*278OPINION OF THE COURT
Per Curiam.Under a written agreement, defendant Buffalo Structural Steel Corp. (BSS) leased to plaintiff for a rental of $600 per year a small rectangular parcel of land for the purpose of erecting and maintaining an outdoor advertising sign. In March, 1979, defendant BSS leased two comparable parcels for outdoor advertising to defendant National Advertising Co. (National), each lease providing for rental of $1,500 per year and an eight-year term with an option to renew at the same rental for an additional eight years. In this action for damages and other relief, it has been established as law of the case in an order granting partial summary judgment to plaintiff against defendant BSS that the lease from defendant BSS to defendant National constituted a breach of the first option provision contained in the lease from defendant BSS to plaintiff. The order granting plaintiff partial summary judgment directed that the issue of damages against defendant BSS be tried. A bench trial of this issue as well as the issue of the liability of defendant National has been held. In a written decision, the court ruled that defendant National was not liable to plaintiff.
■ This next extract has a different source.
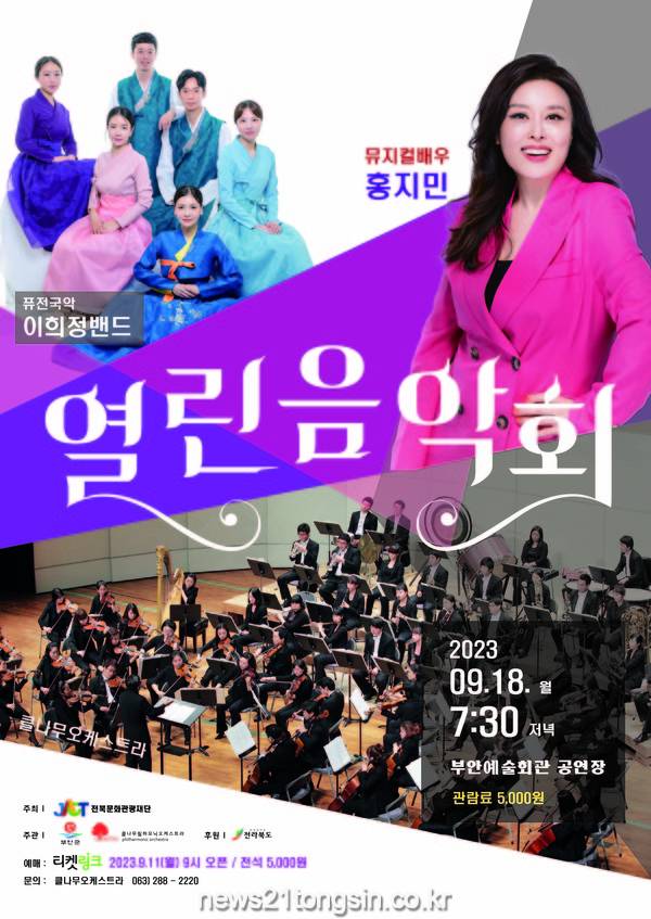 전라북도, 전라북도문화관광재단 후원으로 개최되는 <</span>열린음악회>는 뮤지컬, 창작국악, 클래식 공연이 더해져 다양한 무대가 펼쳐질 예정이다.

With respect to plaintiff’s appeal contesting defendant National’s liability, we agree with the dissenter that there should be an affirmance and we adopt fully that portion of the dissenting opinion on that issue. At trial, plaintiff adduced proof in support of its contention that it was entitled to damages against BSS for the profits it would have received from the rental of outdoor advertising signs if it had been permitted to exercise the first option provision in its lease with defendant BSS and to enter into the March, 1979 leases between defendants BSS and National on the identical terms in those leases. In its decision, the court held that as a matter of law plaintiff was not entitled to recover lost profits but was limited to recovering the difference between the actual rental value of the lease and the rental reserved in the lease. Because no evidence of the actual rental value of the leases between defendants BSS and National was adduced, it awarded plaintiff nominal damages of $1 and plaintiff has appealed. The court denied plaintiff’s alternative request for equitable relief. There should be an affirmance.
We agree with the view expressed in the dissent that the fact that a tenant has not taken possession of a leasehold should not, as a matter of law, preclude the tenant from recovering lost profits for breach of a lease. Nevertheless, in any action for breach of contract, including a lease, the defendant may only be *279held responsible for such damages “as may reasonably be supposed to have been in the contemplation of both parties, at the time they made the contract, as the probable result of the breach of it” (Hadley v Baxendale, 156 Eng Rep 145, 151; see Spang Inds. v Aetna Cas. & Sur. Co., 512 F2d 365; Kerr S.S. Co. v Radio Corp. of Amer., 245 NY 284). On the record here we hold that at the time plaintiff and defendant BSS entered into their lease, the parties could not have reasonably contemplated that defendant BSS might be held responsible for loss of profit damages for breach of the first option clause to be computed under a suppositious lease, the terms of which could not, if ever, be known until some future time when plaintiff might negotiate a lease with a third party.
We find no merit in the cross appeal by defendant BSS. The judgment should be affirmed.